Siempre presumiré de ser, o almenos querer ser diferente. En la ruptura de la relación más larga de mi vida no iba a ser menos, aunque se escape de mi control. Lo ves en tus amigos, en las pelis, en los libros, en el mundo en general: cuando dos personas que se querían rompen, hay un respeto por lo que había antes. O aunque no lo haya, ambos se encargan de desahogarse, pública o privadamente, de lo mejor y lo peor de esa persona. Yo tengo la total constancia de que yo no he sido bendecido con esa última voluntad.

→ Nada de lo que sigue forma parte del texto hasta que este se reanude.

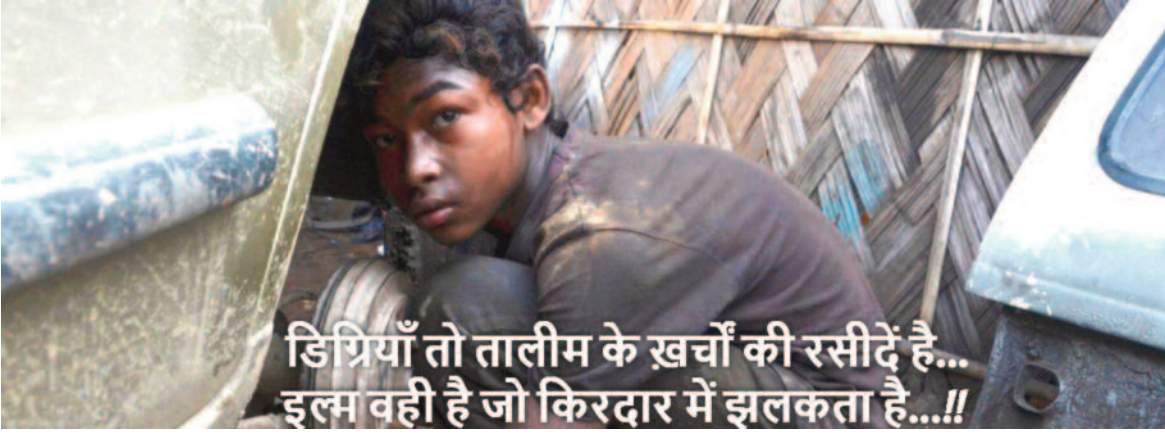
डिग्रियाँ तो तालीम के खर्च की रसीदें है... इल्म वही है जो किरदार में झलकता है...!!

चलेगा। साथियों बात अगर हम किताबी शिक्षित और किताबी अनपढ़ व्यक्तियों की करें तो, बहुत अंतर है। किताबी अनपढ़ आदमी केवलकुलेटर चलाता नहीं जानता साग हिसाब किताब उंगलियों से करना पड़ता है पढ़ा-लिखा आदमी विना केवलकुलेटर के चार में से दो घटने के लिए भी अपनी उंगली नहीं धिसता। किताबी अनपढ़ व्यक्ति के पास अपने अनुभव के अतिरिक्त कुछ नहीं होता जबकि पढ़ा-लिखा साथियों शायद इसीलिए किताबी पढ़े-लिखे अनपढ़ों की संख्या बढ़ती जा रही है। पिछले कुछ दशकों में शिक्षा का स्तर काफी बढ़ गया है पर शिक्षा की वैल्यू खत्म होती जा रही है। ध्यान दे तो बाद आता है जहाँ कुछ साल पहले ग्रेजुएशन ही काफी था, आज पोस्ट ग्रेजुएशन, वका
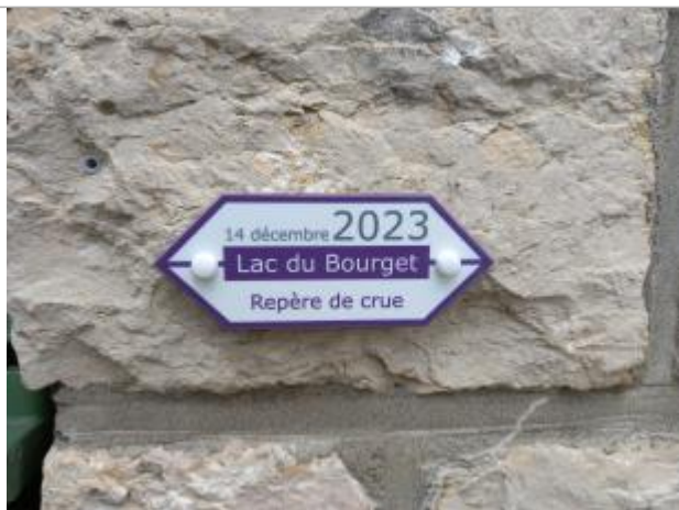
Repère de crue 14 décembre 2023

Altitude calculée de l'eau (en m) : 233.74 m
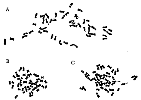
A: 同質四倍体 S. laplaticum 体細胞染色体, 2n=48 B: 複二倍体-23 体細胞染色体, 2n=48 C: 複二倍体-39 体細胞染色体, 2n=48 (全図約 1000 倍)

複二倍体系統の親二倍種 S. laplaticum BUK. ( Commer-soniana 群), S. stenotomum JUZ. et BUK. ( Tuberosa 群) 及び同質四倍体 S. laplaticum は北海道農業試験場より塊茎で分譲されたものであり、四倍体は S. laplaticum の自然結果種子をコルヒチン処理した系統である。
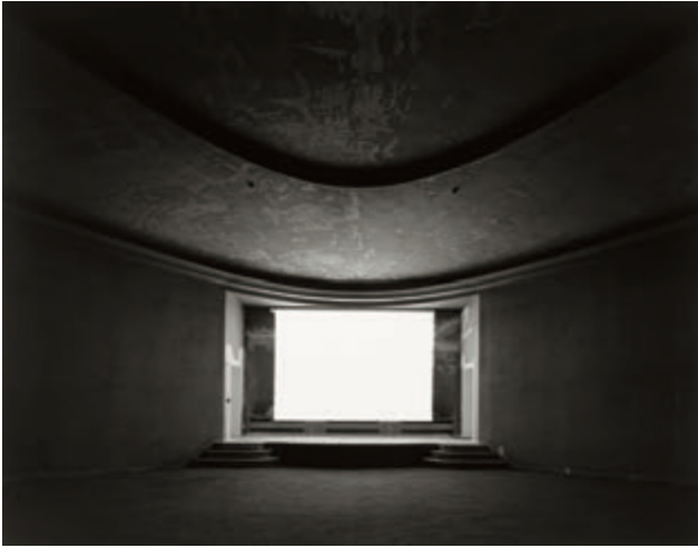
杉本博司〈廃墟劇場〉より 《ホール37、パレ・ド・トーキョー》 2013年 ゼラチン・シルバー・プリント

Es duro que te dejen, es muy duro que te dejen por tu culpa, pero es mucho más duro ver que no mereces ni que hablen de ti, que es tan fácil dejar de quererte que todo son preparativos para recibir a nuevas personas, sean conocidas o no.

Es curioso como los grandes mazazos de la vida te ponen en tu sitio por dentro. Te terminas de conocer a tí mismo y sabes cómo eres en una situación límite. Quizás mantienes la serenidad, o te dejas llevar por las pasiones, y no te importa lo que los demás piensen. O quizás al revés, te importa demasiado...

Como me dijo un gran amigo, justificando todo lo que me ha hundido en estos meses "es la forma de llevarlo de cada uno". Y ahí es donde dentro de mi mierda, me siento orgulloso de la forma en que lo llevo.